Après son premier film, In The Family, le réalisateur indépendant américain Patrick Wang revient avec un second long métrage intitulé Les Secrets des Autres auquel on préférera nettement son titre original The Grief of others (Le Chagrin des Autres), plus approprié.
John et Ricky, et leurs deux enfants Paul et Biscuit ont l’apparence d’une famille heureuse et sans problème. Oui mais voilà, Biscuit sèche l’école, Paul est victime des moqueries de ses camarades et se referme sur lui-même et leurs deux parents impuissants, voient leur couple se décomposer. Pourtant, chacun fait mine de ne pas s’apercevoir des problèmes des autres et la vie suit tant bien que mal son cours. Le retour au bercail de Jessica, née du premier mariage de John, fait resurgir des tensions trop longtemps enfouies, d’autant plus qu’elle est enceinte.
Toujours aussi appliqué et sobre, Patrick Wang continue son exploration des drames familiaux. Cette fois ci ce n’est plus le statut de parents qui l’intéresse, il se focalise sur la lente implosion d’une famille comme avait pu l’être celle des Burnhamm dans American Beauty. À la décadence magnifique de Sam Mendes, Patrick Wang préfère brouiller les cartes et ne fait souvent qu’effleurer le malaise qui pèse de manière incompréhensible sans le nommer.

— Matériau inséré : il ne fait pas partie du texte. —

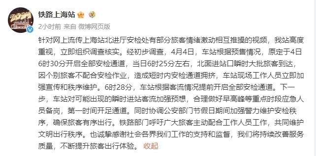 央視網(wǎng)消息:據(jù)@鐵路上海站 消息,針對網(wǎng)上流傳上海站北進(jìn)廳安檢處有部分旅客情緒激動相互推搡的視頻,車站高度重視,立即組織調(diào)查核實(shí)。經(jīng)初步調(diào)查,4月4日,車站根據(jù)預(yù)售情況,原定于4日6時(shí)30分開啟全部安檢通道,當(dāng)日6時(shí)25分左右,北面進(jìn)站口瞬時(shí)大批旅客到達(dá),因個(gè)別旅客不配合安檢作業(yè),造成短時(shí)內(nèi)安檢通道擁擠,車站現(xiàn)場工作人員立即加強(qiáng)宣傳和秩序維護(hù)。6時(shí)28分,車站根據(jù)客流情況提前開啟全部安檢通道。下一步,車站對可能出現(xiàn)的瞬時(shí)進(jìn)站客流加強(qiáng)預(yù)想,合理做好早高峰等重點(diǎn)時(shí)段應(yīng)急人員備崗,第一時(shí)間開足通道。同時(shí)協(xié)調(diào)公安部門節(jié)假日期間加強(qiáng)警力維護(hù)安檢秩序,確保旅客有序出行。鐵路部門呼吁廣大旅客主動配合工作人員工作,共同維護(hù)文明出行秩序,也誠摯感謝社會各界對其工作的支持和監(jiān)督,將持續(xù)改善服務(wù)質(zhì)量,不斷提升旅客出行體驗(yàn)。
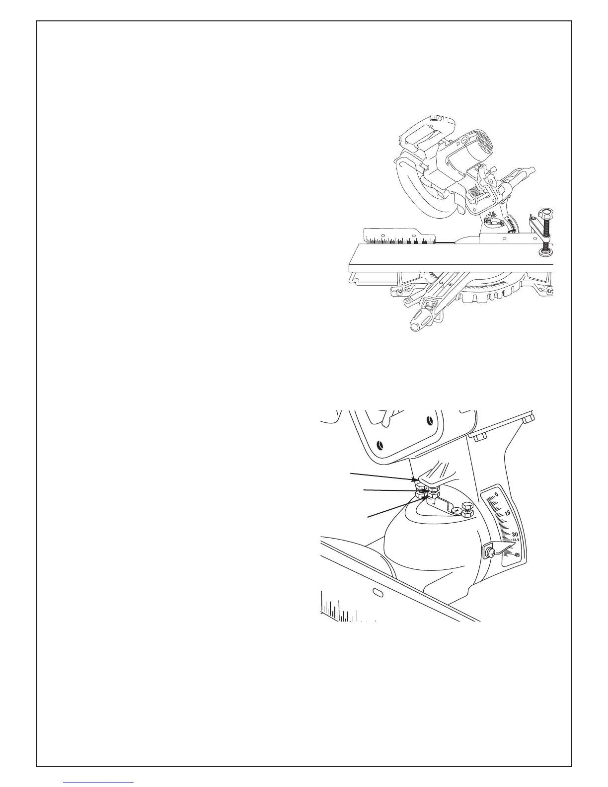 1. Baje la contratuerca del tornillo de tope de bisel de 33.9°
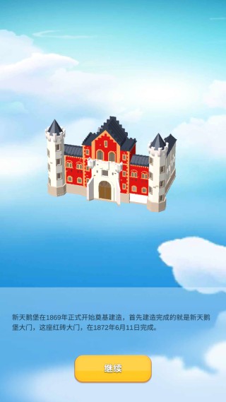整座建筑拼装完毕,画面缓缓旋转,同时弹出一段关于该建筑的冷知识或建造轶事。
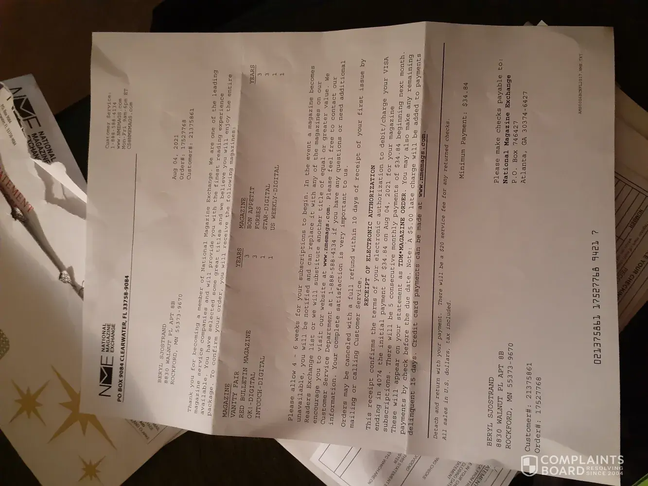 I got a letter in the mail from national magazine exchange, the letter was an entry to win $10,0000 every week for 52 weeks. In order to enter I had to confirm my address. Ticket authorization number is [protected]. It got mailed to in like mid-April 2023. The letter said I had until the 4th of May 2023 to confirm my address. The company then repeatedly harassed me about my personal credit card information.
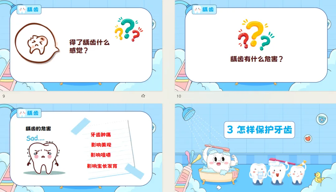 引导语: 牙齿很重要,如果不注意保护,牙齿也会生病,小朋友看看牙齿怎么了?得了龋齿什么感觉?
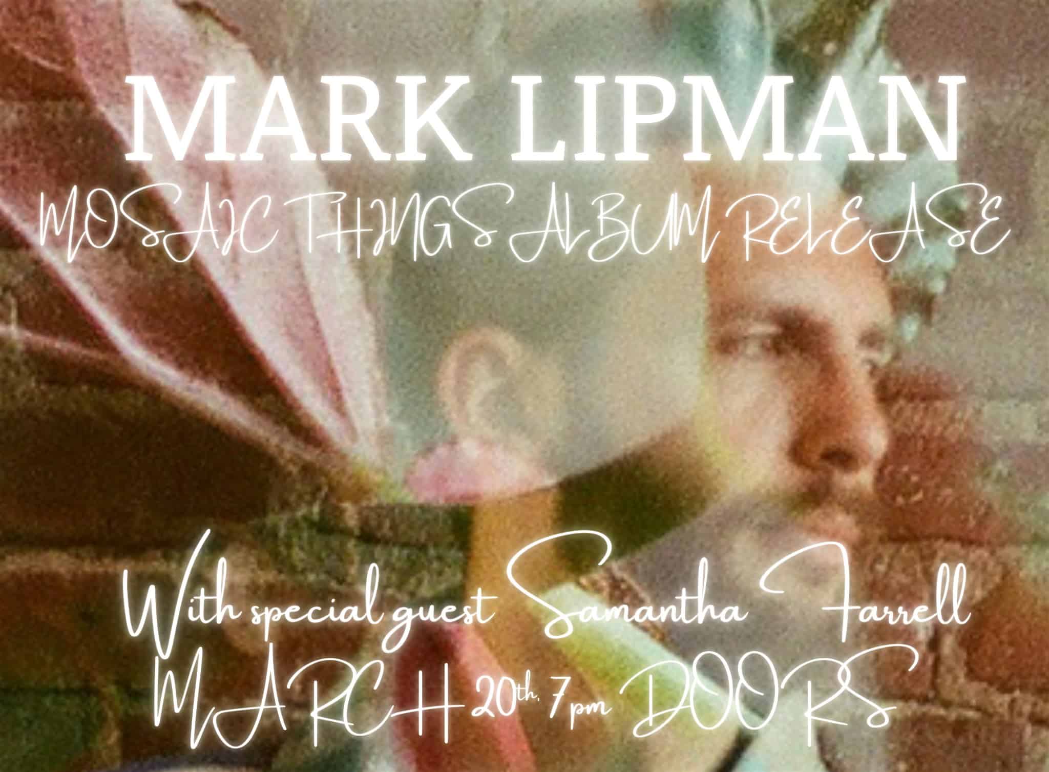 by admin23Feb Mark Lipman “Mosaic Things” Release With Special Guest Samantha Farrell at Lizard Lounge – Cambridge, MA Mark Lipman “Mosaic Things” Release With Special Guest Samantha Farrell at Lizard Lounge – Cambridge, MA 1 1 people viewed this event. Singer Songwriter Mark Lipman celebrates the release of “Mosaic Things” March 20th at the Lizard Lounge with Samantha Farrell! Tickets-RSVP Link Date And Time Friday, March 20th, 2026 08:00 PM (PST) Venue Lizard Lounge Location 1667 Massachusetts Avenue, Cambridge, MA 2138 Event Types Concert or PerformanceMusic Event Category Massachusetts Share With Friends Facebook Twitter Linkedin Xing Pinterest Share This Post:
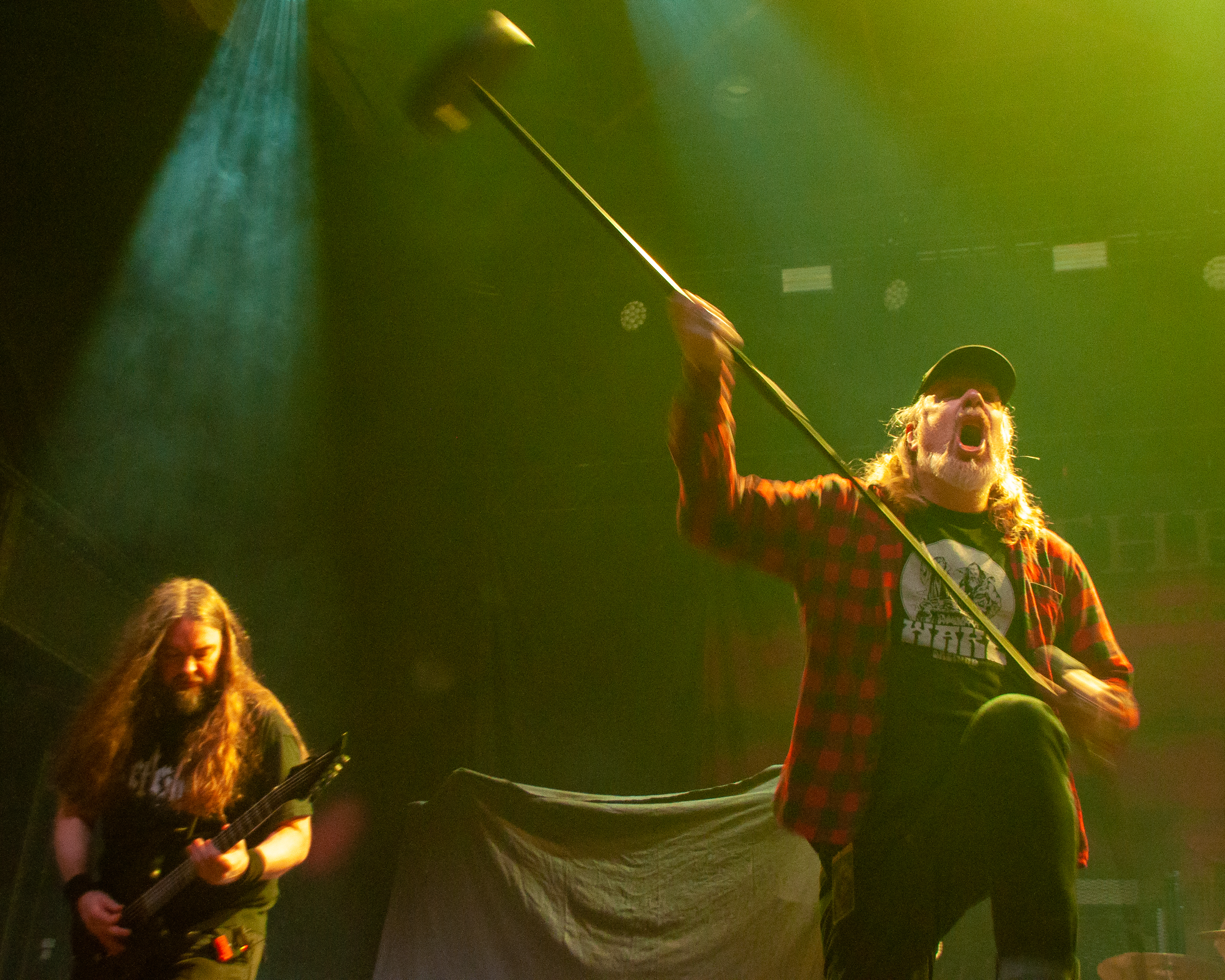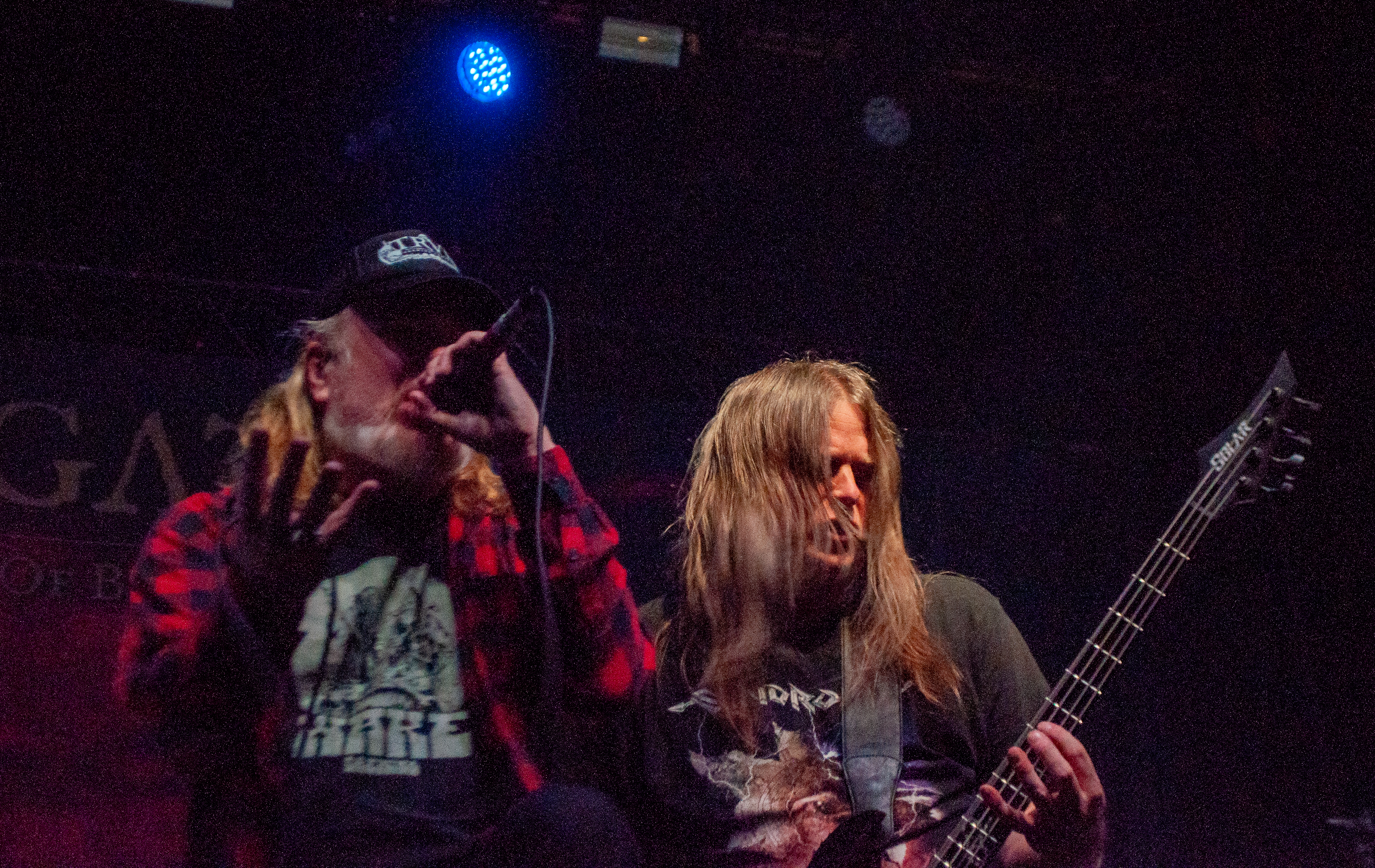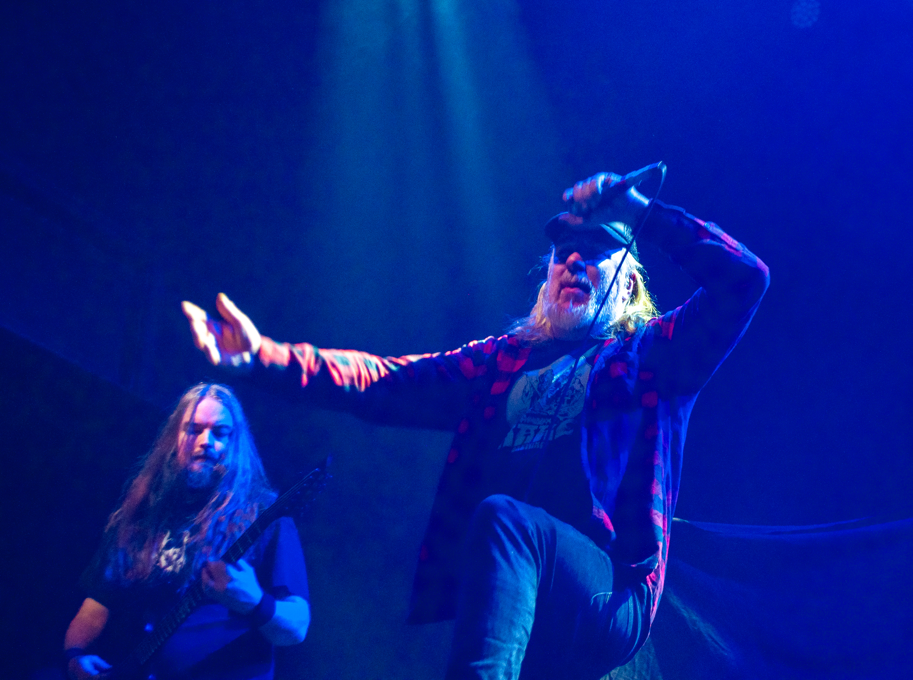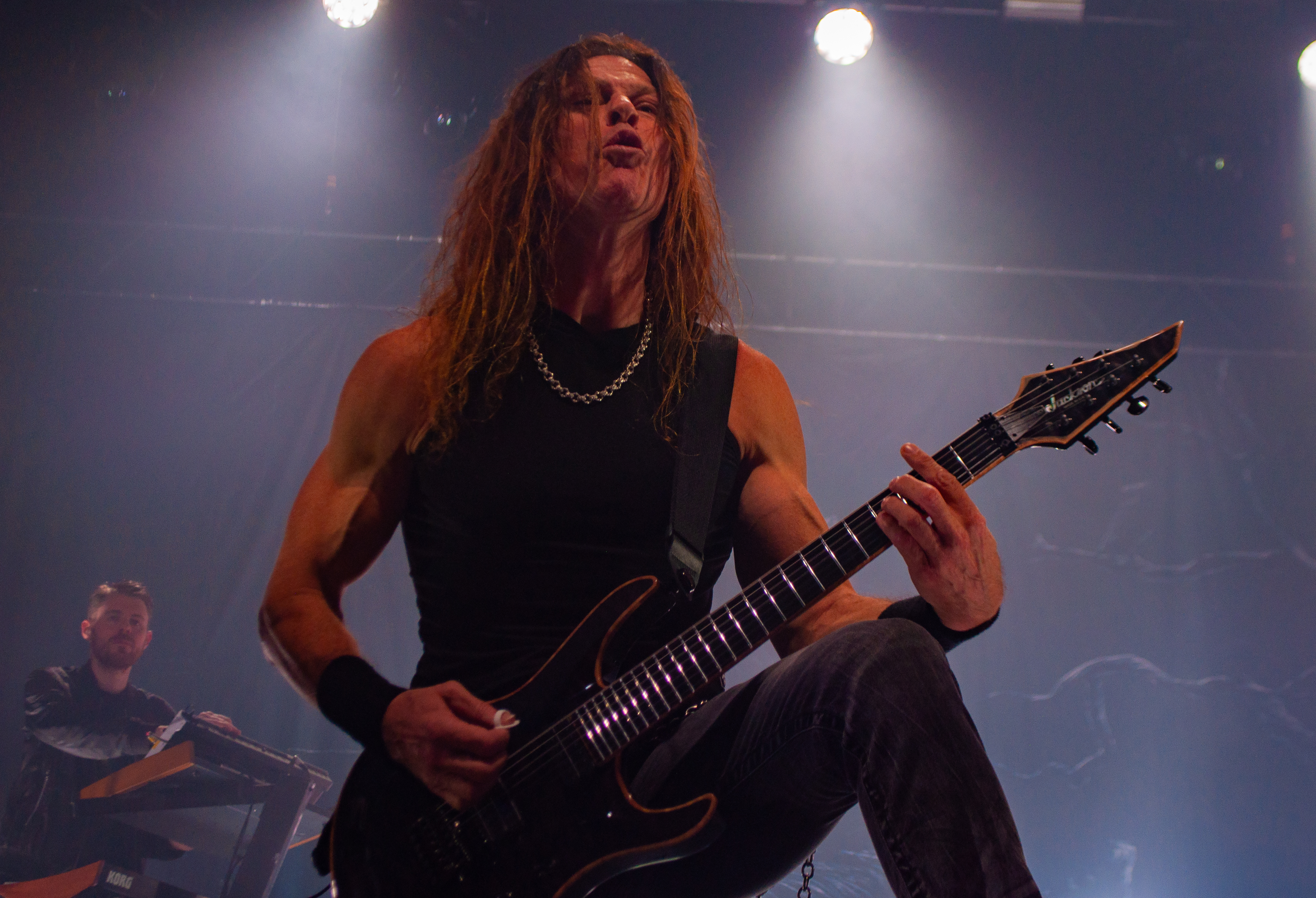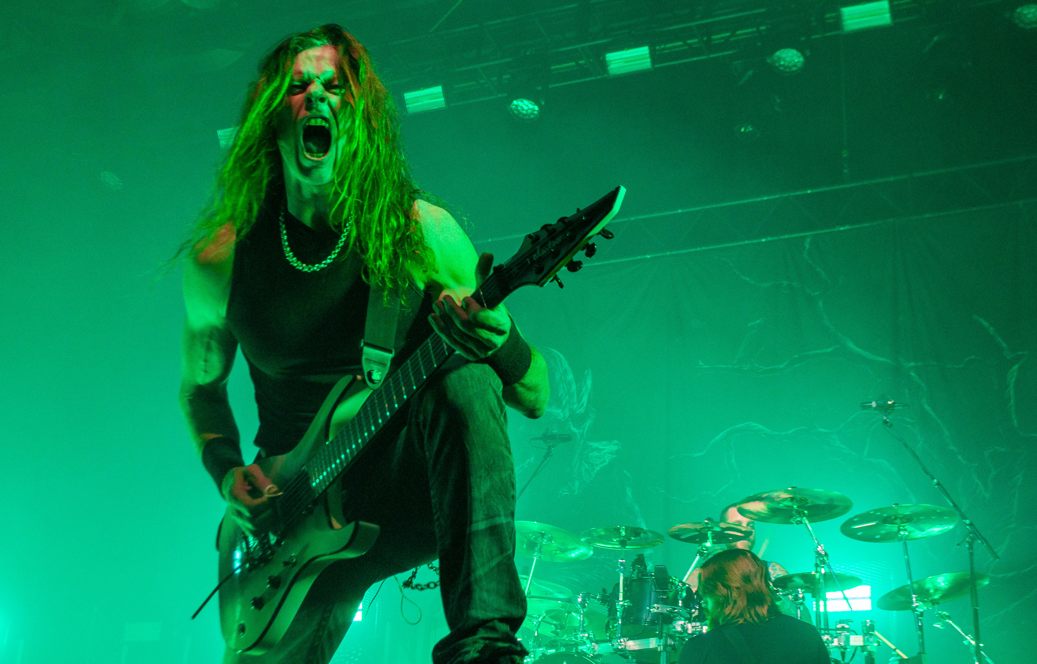 Den Anfang machen heute Abend die Metalcoreband IMMINENCE und die Melodic Death Metal-Truppe ORBIT CULTURE. Ich stehe zu dem Zeitpunkt aber noch im Stau auf dem Heumarer Dreieck, bin aber pünktlich für AT THE GATES vor der Bühne. Die Band rund um ihren Sänger und Kopf Tomas Lindberg entert zu „Spectre of Extinction“ vom neusten Album „The Nightmare of Being“ (2021) die Bühne. Sie geben gut Gas und es folgen „Slaughter of the Soul” und „At War With Reality“. Gleich zu Beginn decken AT THE GATES verschiedene Epochen ab. „Der Widerstand“ hat man noch nicht oft live hören können. Es geht weiter mit Klassikern wie „Cold“ und „Blinded by Fear“. Gerade live hört man bei der Band gewisse Hardcore-Anleihen heraus. Lindberg wirbelt mit dem Mikroständer umher und mit Anders Björker rockt hier wieder das Original die Gitarre. Er stieg 2017 aus und ist seit kurzem wieder mit der Band und mit seinem Zwillingsbruder Jonas Björler am Bass vereint. Dann ertönen melodisch melancholische Gitarrenklänge und nach „The Night Eternal“ ist Schluss. AT THE GATES sind immer, und so ist es auch heute im Kölner Palladium, etwas rauer und ungestümer als IN FLAMES.

Les protagonistes déploient une sensibilité rare accentuée par la mise en scène sobre du réalisateur. La succession de plans fixes (une marque déposée chez Patrick Wang) participe à la construction du récit. À l’aide de flashbacks savamment distillés, Wang éclate la narration classique pour faire resurgir les démons qui hantent cette famille. Il multiplie les dispositifs et expérimente. Son montage dégage une fraîcheur communicative et donne envie de connaître la suite. Alors même si ses tâtonnements ne sont pas toujours couronnés de réussite, ils nous donnent une intimité bien plus importante avec les personnages que n’importe quelle manifestation d’émotion.
Là où le récit prend une tournure intéressante, c’est dans la quête vers la rédemption de chacun (la petite qui fait des offrandes, le père qui a peur de rentrer affronter sa femme). Et toujours en toile de fond, ces images qui s’affichent, superposées sur le visage des protagonistes. On traverse leur drame familial comme si c’était le nôtre, et c’est là toute la force du réalisateur américain. Il nous touche !
Les Secrets des Autres captive autant qu’il fascine, malgré le sentiment que le réalisateur n’a pas exploité jusqu’au bout le potentiel de cette famille disparate et si attachante. Une réussite qui confirme le potentiel du cinéma indépendant américain à toujours se renouveler.